Libya Orders Oil Cuts of 270K Barrels Per Day
The group has implemented two solid cuts in the last three months. A 1.5 million barrel per day reduction in October failed to halt the slide in crude prices, as did the record reduction in Algeria that was to take effect from Jan. 1. In September, it had implemented so-called paper cuts of 500,000 barrels per day, mainly aimed at ensuring output compliance.

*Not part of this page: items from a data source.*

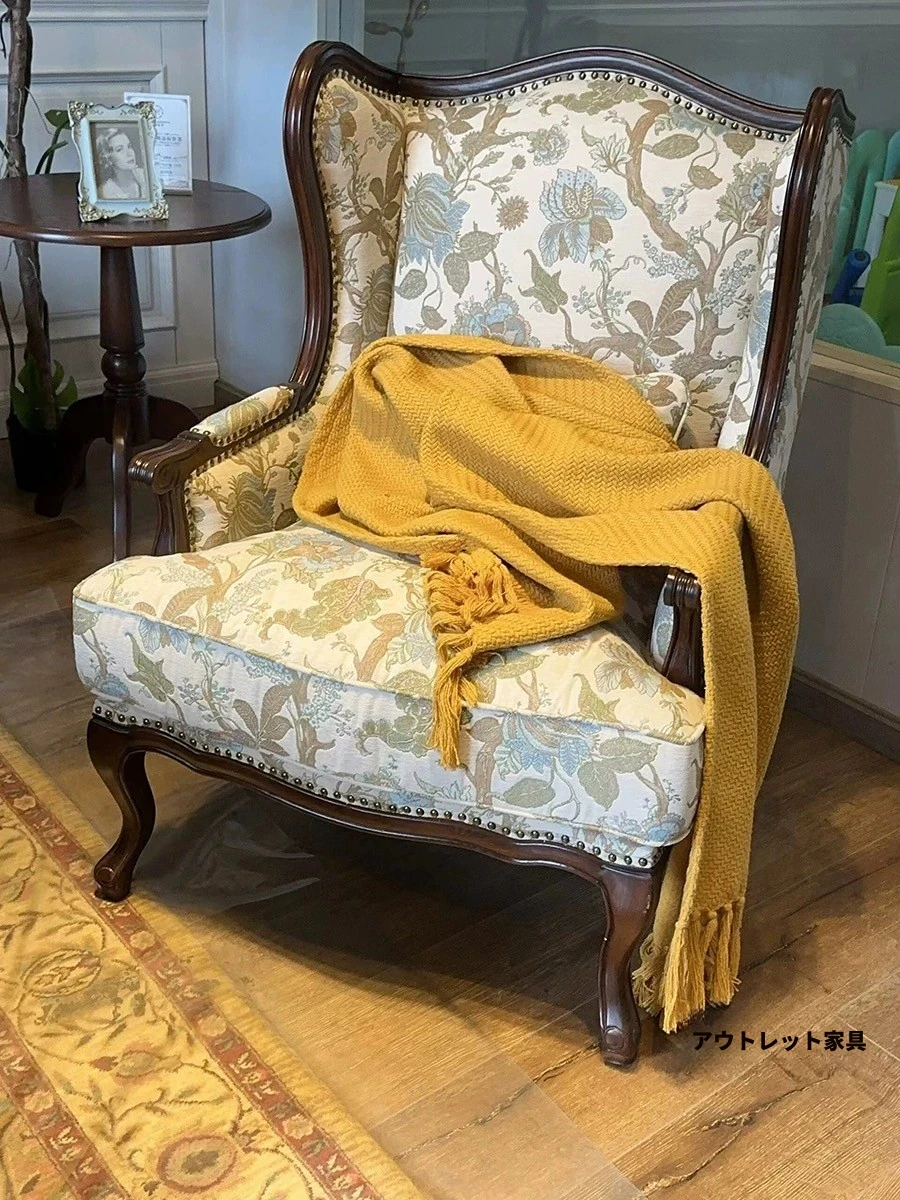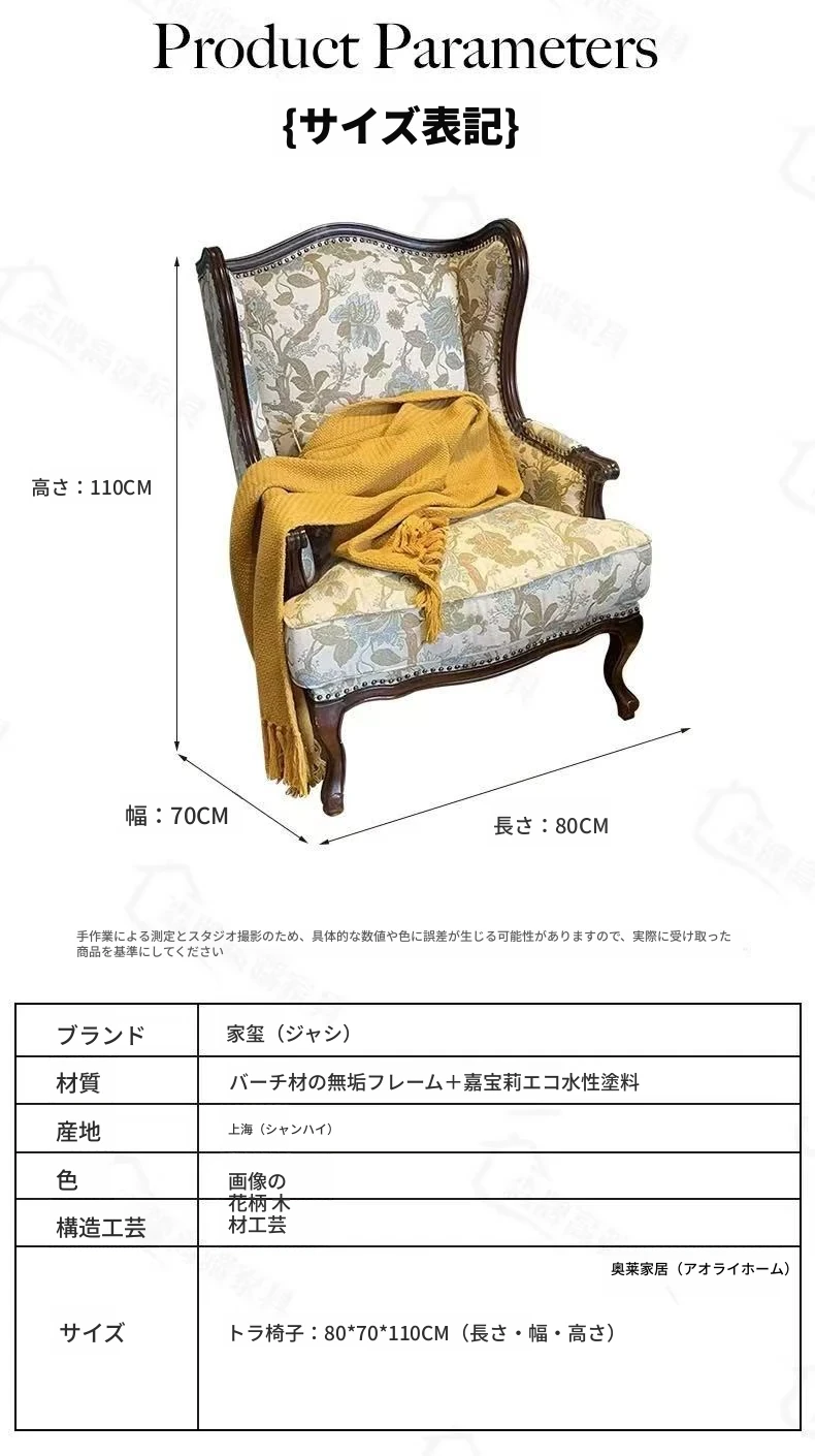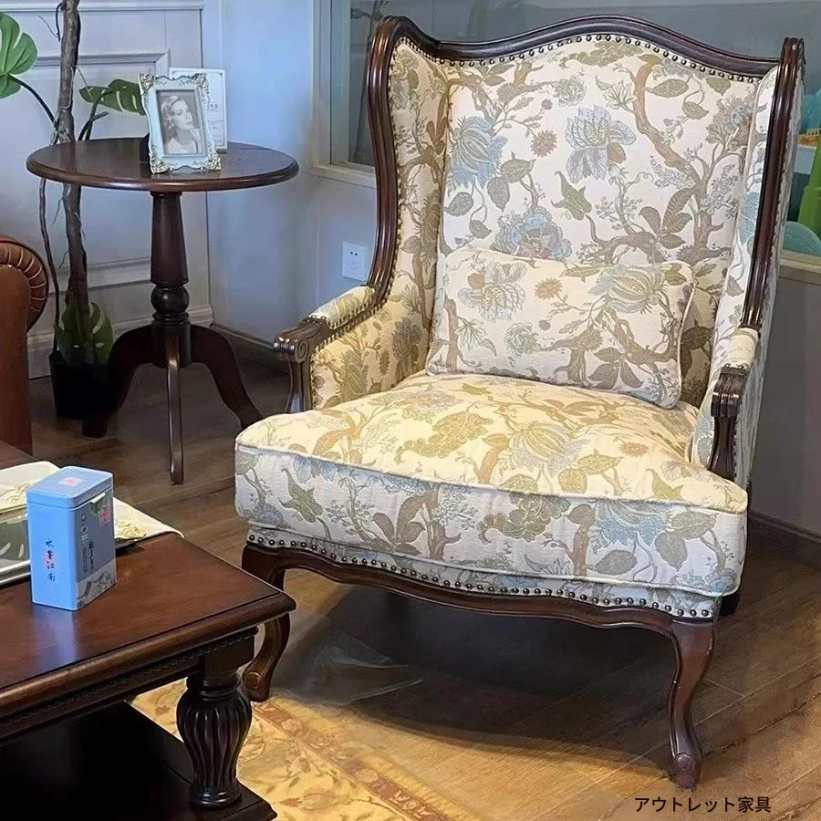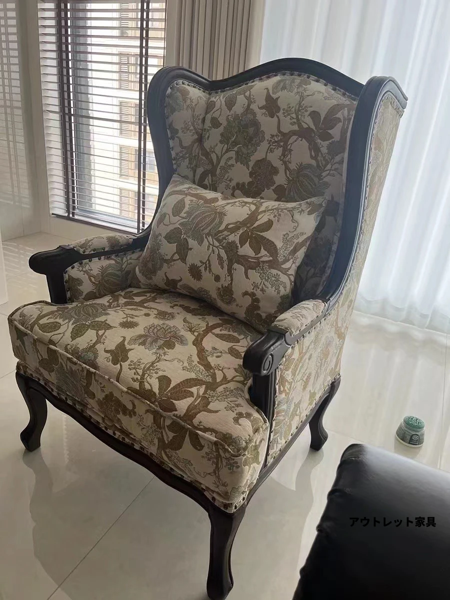 アメリカンレトロ天然木製タイガーチェア フランス風リビング布製ソファチェア リラックスできる一人掛けバックレストソファチェア どんなインテリアにもマッチするおしゃれなデザインで、快適なひとときをお届けします!
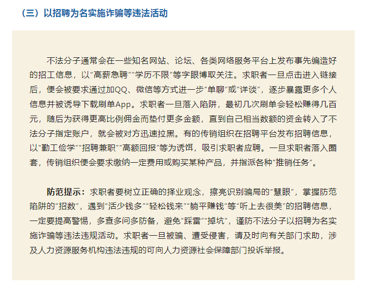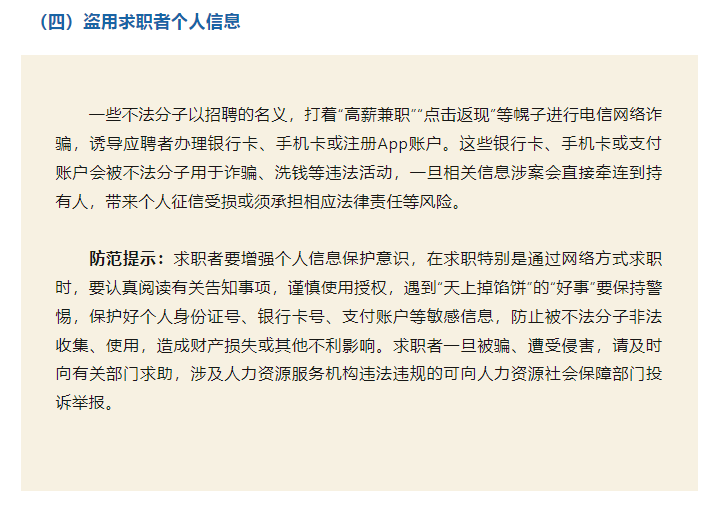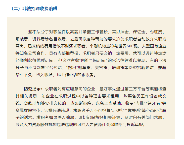 為進一步引導(dǎo)人力資源服務(wù)機構(gòu)誠信服務(wù)、規(guī)范用人單位招用工,幫助廣大勞動者提高風險防范意識和自我保護能力,本文梳理人力資源市場主體在求職招聘活動中的主要法律義務(wù)、求職風險及防范提示,供勞動者求職擇業(yè)參考。
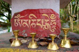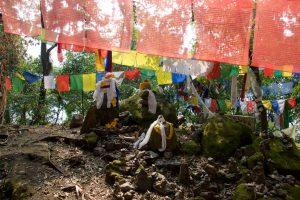 And that was exactly where we were going. The site was filled with prayer flags, a charming woodland garden with a small temple, a huge prayer wheel, a chorten containing earth from each corner of Sikkim and the supposedly original four-seat Coronation Throne. It was a lovely and tranquil place and after having paid the 25 euro cent entrance fee the key keeper opened the small temple especially for us.
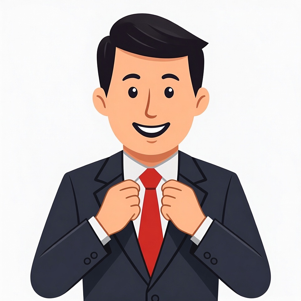 A cartoon man with short black hair smiles while adjusting his red tie. He wears a dark suit with a white shirt and stands against a white background. His hands are positioned on the knot of the tie.
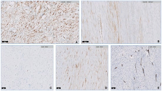 The percentage of cells with nuclear positivity for β-catenin ranged from 10 to 90% (mean 66.4%, median 80%) in all thirty-three (100%) DTF samples (Figure 7A). SMA positivity was found in 28 (85%) of the tumors, with percentages of positive cells ranging from 10 to 70% (mean 36.6%, median 32.5%) (Figure 7B). S100 was found in 17/33 tumors (51.5%), with the percentage of positive cells ranging from 1 to 5% (mean 2.4%, median 1%) (Figure 7C). Desmin was detected in 12/33 samples (36.36%), with the percentage of positive cells ranging from 10 to 30% (mean 14.16%, median 10%) (Figure 7D). CD34 was found in 3/33 tumors (9.1%), with the percent of positivity ranging from 10 to 30% (mean 17%, median 10%) (Figure 7E).
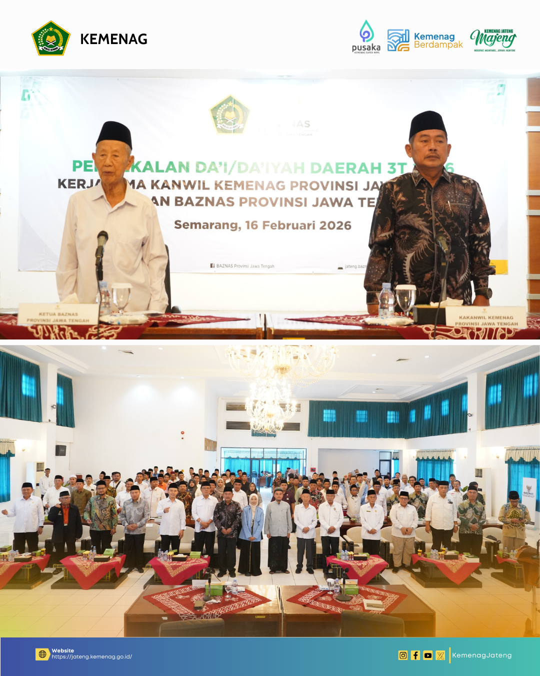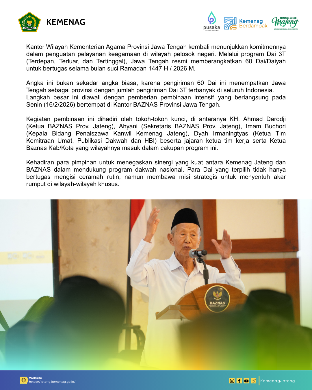 Angka ini bukan sekadar angka biasa, karena pengiriman 60 Dai ini menempatkan Jawa Tengah sebagai provinsi dengan jumlah pengiriman Dai 3T terbanyak di seluruh Indonesia. Langkah besar ini diawali dengan pemberian pembinaan intensif yang berlangsung pada Senin (16/2/2026) bertempat di Kantor BAZNAS Provinsi Jawa Tengah.
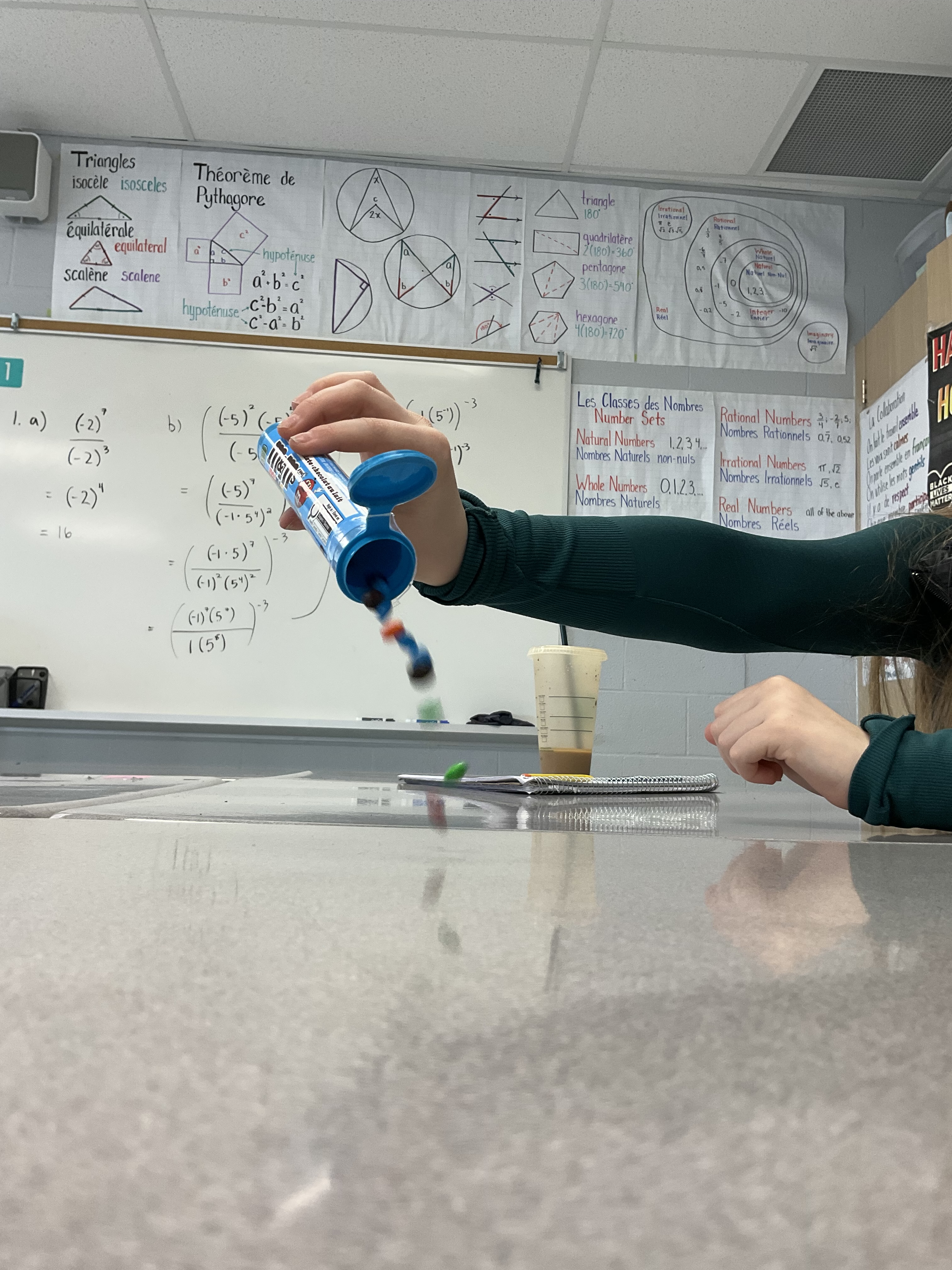 Today we spent grade 9 math up at the boards in random groups to work on representing exponents, and worked all the way to learning 2 exponent laws.
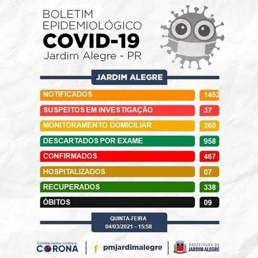 Com mais 11 casos confirmados da Covid-19, em Jardim Alegre, acrescentados nas últimas 24 horas, o número total de pessoas infectadas pelo novo coronavírus chegou a 467. Esses dados foram divulgados pela Secretária Municipal de Saúde.
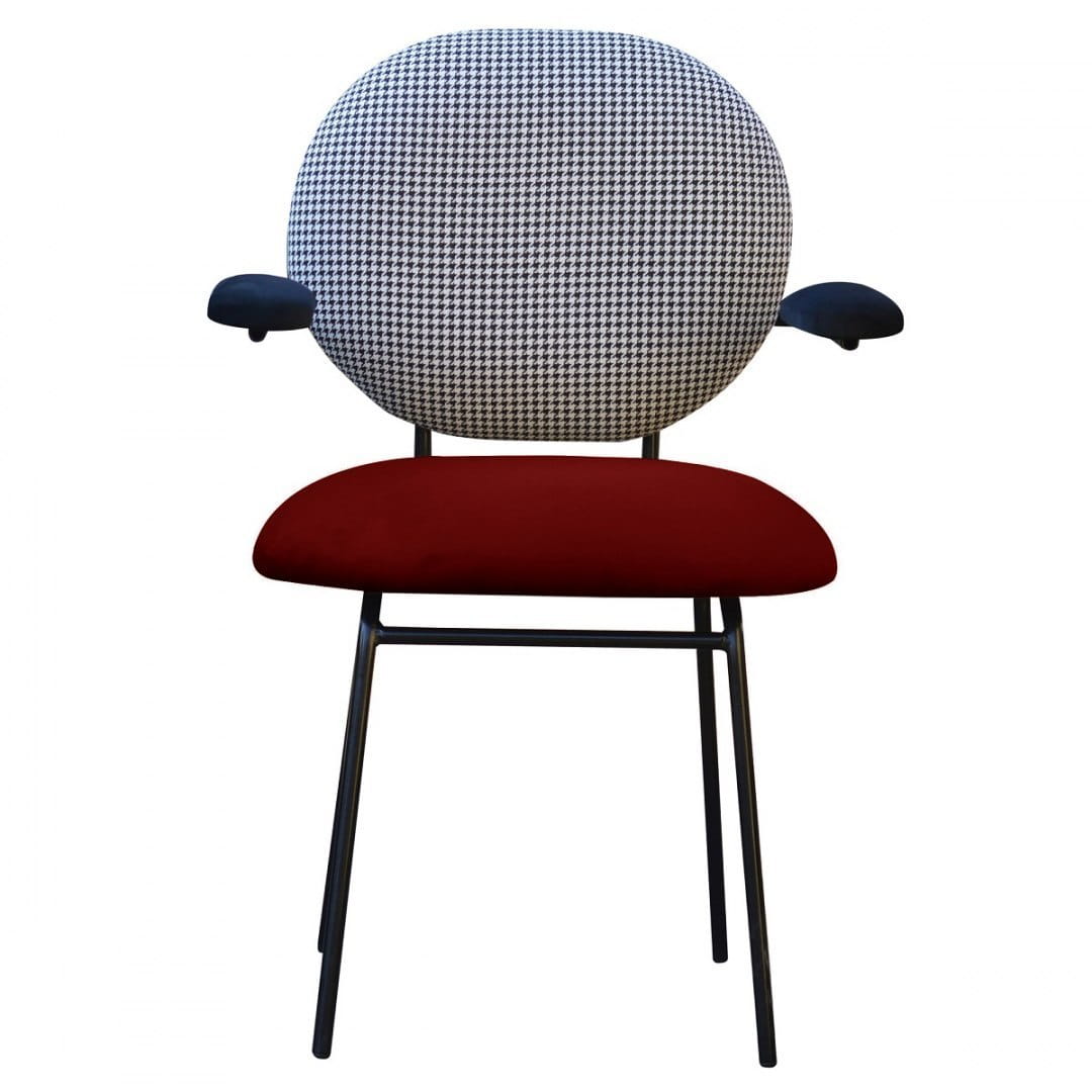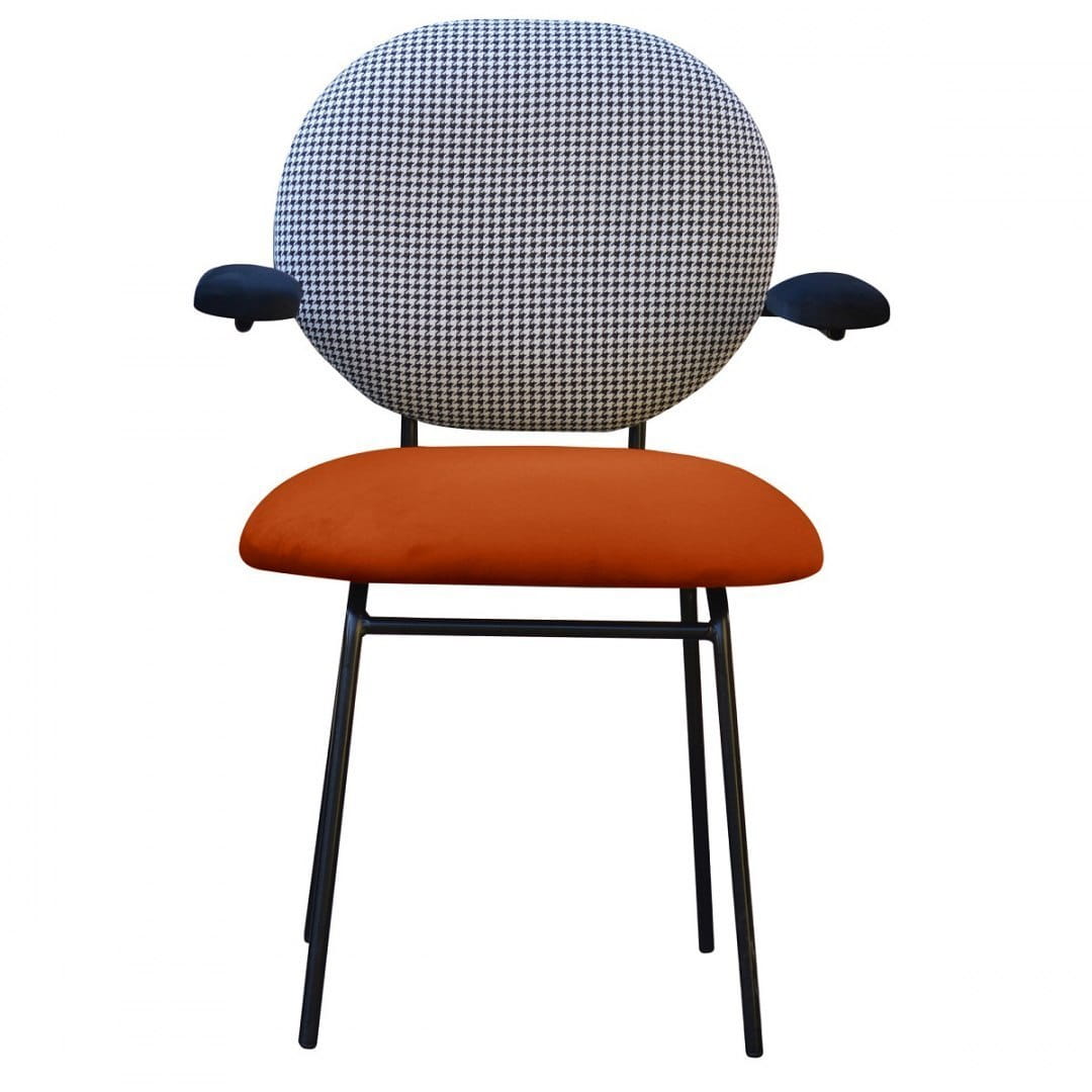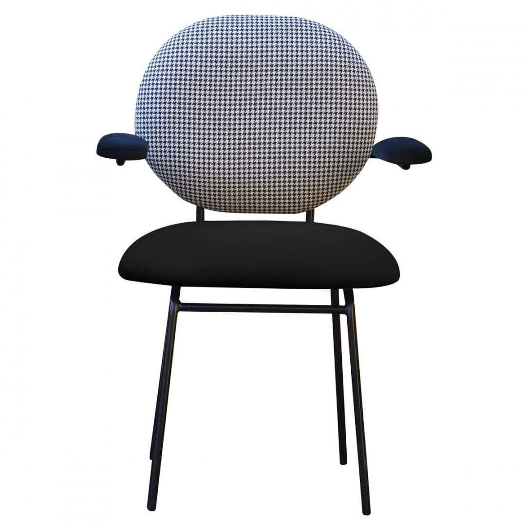 Krzesło Anatol aksamit pepitka z podłokietnikami to stylowy mebel zainspirowany stylem lat 70-tych. Ten osadzony na czarnej, malowanej podstawie mebel ożywi każde wnętrze i nada mu stylu. Obicie zostało wykonane z weluru.

"It's been pretty good. I was surprised," said Conrad Gerber, head of the Geneva, Switzerland-based oil tanker-tracker firm Petro-Logistics SA. "But I think they're living in desperate times and, for once, they're doing what they intended to do. The 1.5 million cut, plus the 500,000 barrel per day cut agreed to in September, seems to have been achieved." Despite its history of cheating on quotas, analysts say the group appears to be making a sincere bid to curb production as it struggles to engineer a rebound in crude prices. The United Arab Emirates, OPEC's fourth largest producer, was the first to indicate its compliance with production cuts last week. The Gulf nation's Abu Dhabi National Oil Co. told customers in letters dated Dec. 25 that it was cutting its main Murban crude allocation by 15% and Upper Zakum crude allowance by 3% in January in accordance with the OPEC cutbacks. The letters, also provided to The AP, outlined cuts of 10 to 15% of all types of ADNOC crude in February. On Saturday, Ecuadorean President Rafael Correa said the South American nation would suspend crude production by Italy's Agip and reduce quotas for other companies to comply with new OPEC cuts. Agip produces 28,000 barrels of oil a day from Ecuador's Amazon jungle.- Loading Comments...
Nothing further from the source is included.